───── DATA ─────
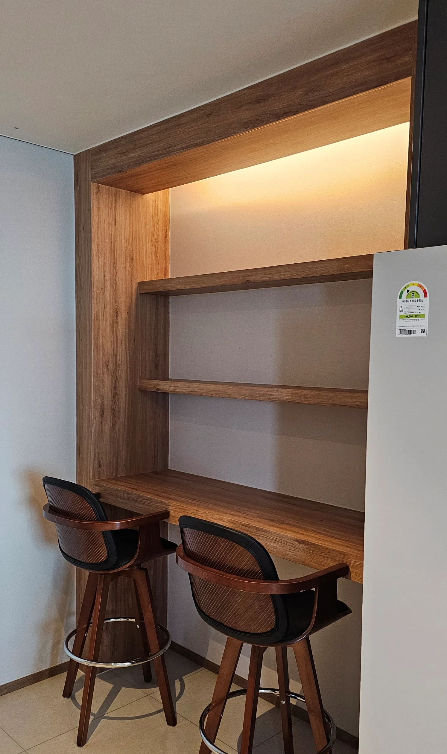 침실은 모던하면서 따뜻한 우드톤 인테리어로 꾸며져 있었고, 푹신한 침대와 암막커튼 덕분에 숙면을 취하기 좋았습니다. 1층 침실은 화장실이 딸려 있고 2층에는 침실이 2개네요. 거실에는 대리석 테이블과 미니 바 공간까지 마련되어 있었어요.
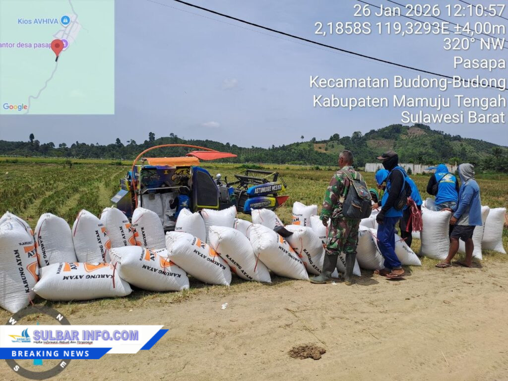 Mamuju Tengah – Babinsa Kodim 1418/Mamuju terus menunjukkan komitmennya dalam pembinaan wilayah melalui pendampingan sektor pertanian. Kali ini, Babinsa memimpin langsung kegiatan panen padi seluas kurang lebih 8 hektare bersama Kelompok Tani Usaha Baru di Desa Pasapa, Kecamatan Budong-Budong, Kabupaten Mamuju Tengah. Senin (26/1/2026).
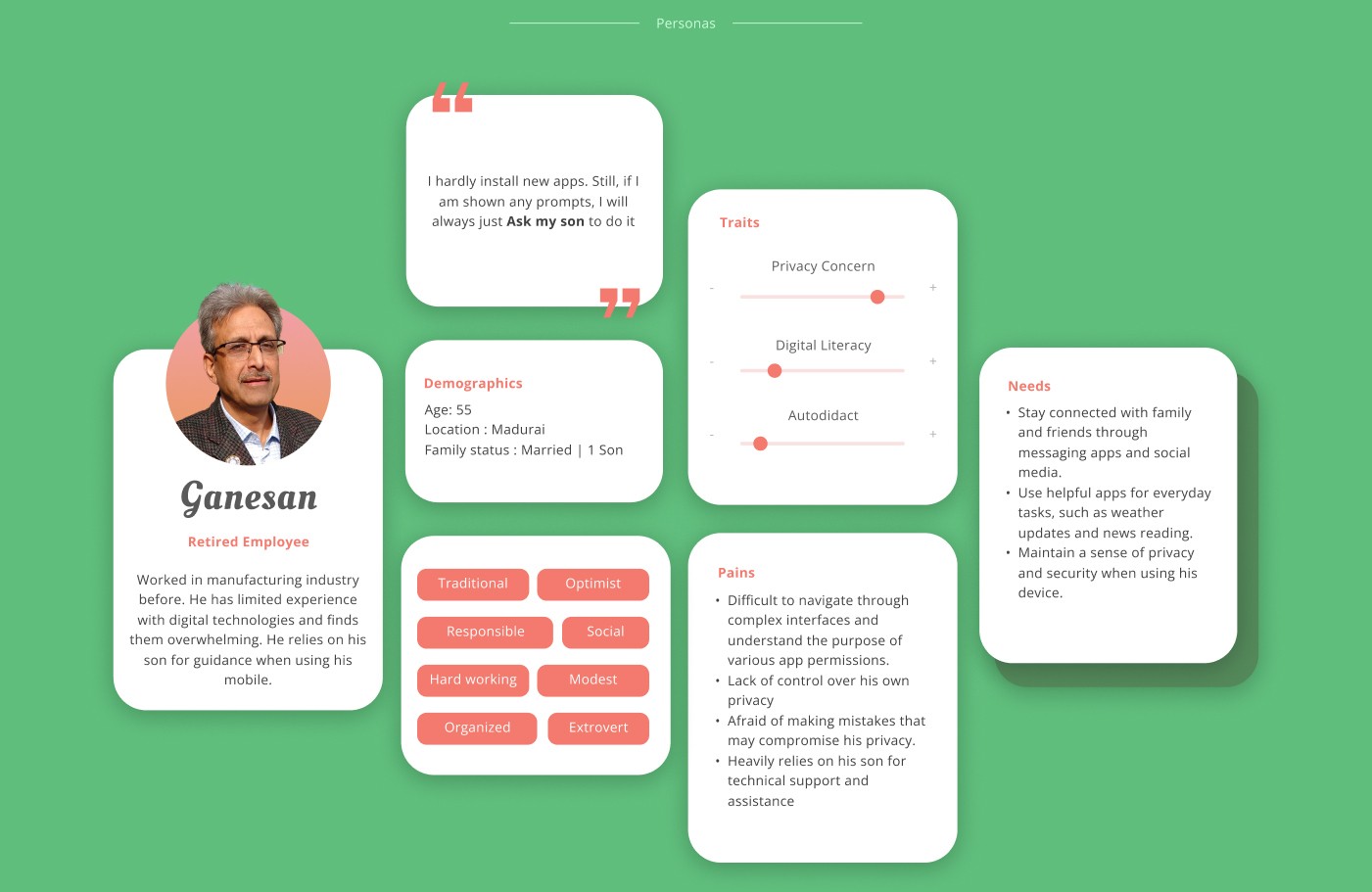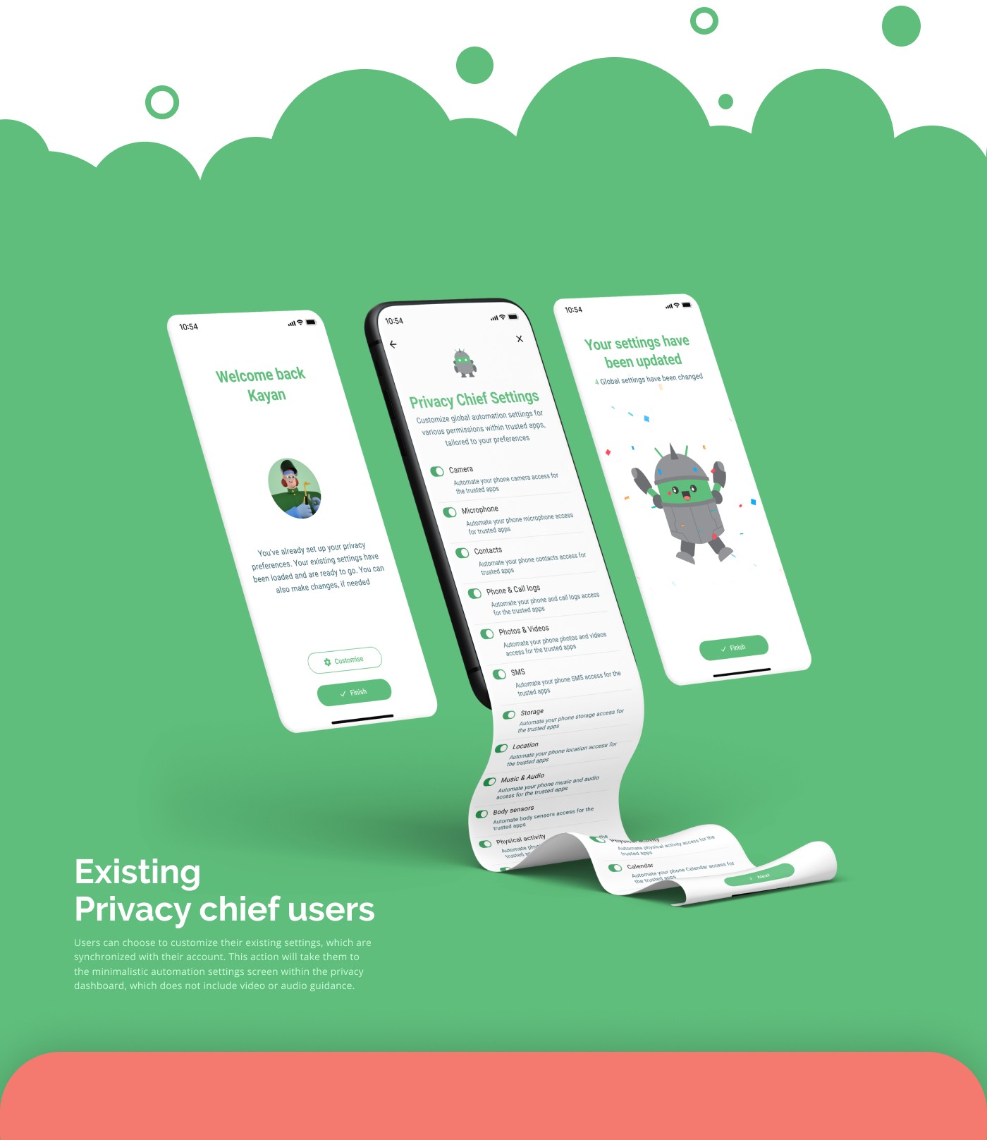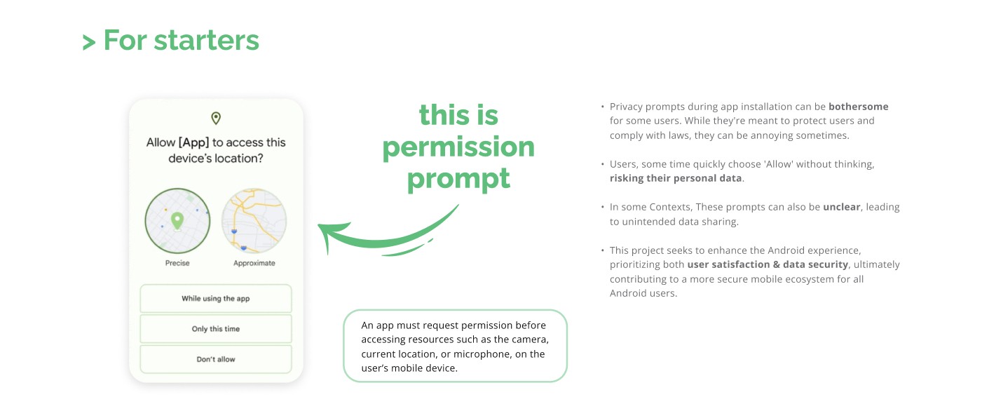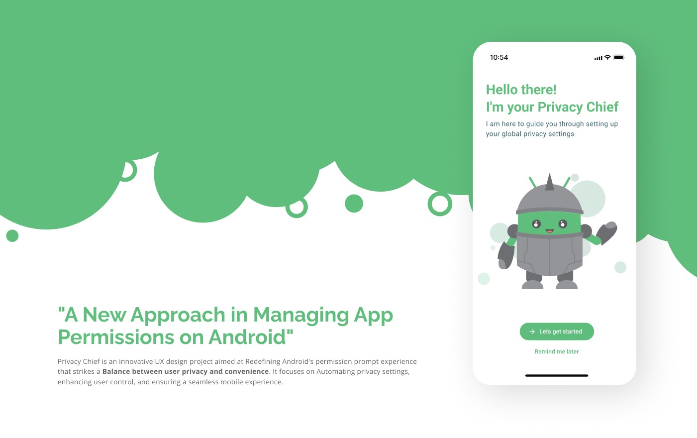 Privacy Chief is my semester thesis project at IIT Guwahati during my first year of the Master’s program. The project explores a unique approach to managing app permissions on Android, with a focus on balancing user privacy, clarity, and everyday usability. I started this project after observing how permission prompts during app installation often interrupt user flow and lead to rushed decisions. These patterns increase the risk of unintended data sharing and reduce trust in the overall mobile experience. Through Privacy Chief, I explored how Android’s permission system could become more transparent, contextual, and user-friendly without compromising security or app functionality. I focused on simplifying permission language, reducing cognitive load, and giving users more control through clearer explanations, ethical defaults, and personalization.
─────
EXERCISE GOAL :: All of the material above must be retyped exactly, line for line, with the images dropped.

SOLUTION TO THIS TASK ::
 침실은 모던하면서 따뜻한 우드톤 인테리어로 꾸며져 있었고, 푹신한 침대와 암막커튼 덕분에 숙면을 취하기 좋았습니다. 1층 침실은 화장실이 딸려 있고 2층에는 침실이 2개네요. 거실에는 대리석 테이블과 미니 바 공간까지 마련되어 있었어요.
 Mamuju Tengah – Babinsa Kodim 1418/Mamuju terus menunjukkan komitmennya dalam pembinaan wilayah melalui pendampingan sektor pertanian. Kali ini, Babinsa memimpin langsung kegiatan panen padi seluas kurang lebih 8 hektare bersama Kelompok Tani Usaha Baru di Desa Pasapa, Kecamatan Budong-Budong, Kabupaten Mamuju Tengah. Senin (26/1/2026).
 Privacy Chief is my semester thesis project at IIT Guwahati during my first year of the Master’s program. The project explores a unique approach to managing app permissions on Android, with a focus on balancing user privacy, clarity, and everyday usability. I started this project after observing how permission prompts during app installation often interrupt user flow and lead to rushed decisions. These patterns increase the risk of unintended data sharing and reduce trust in the overall mobile experience. Through Privacy Chief, I explored how Android’s permission system could become more transparent, contextual, and user-friendly without compromising security or app functionality. I focused on simplifying permission language, reducing cognitive load, and giving users more control through clearer explanations, ethical defaults, and personalization.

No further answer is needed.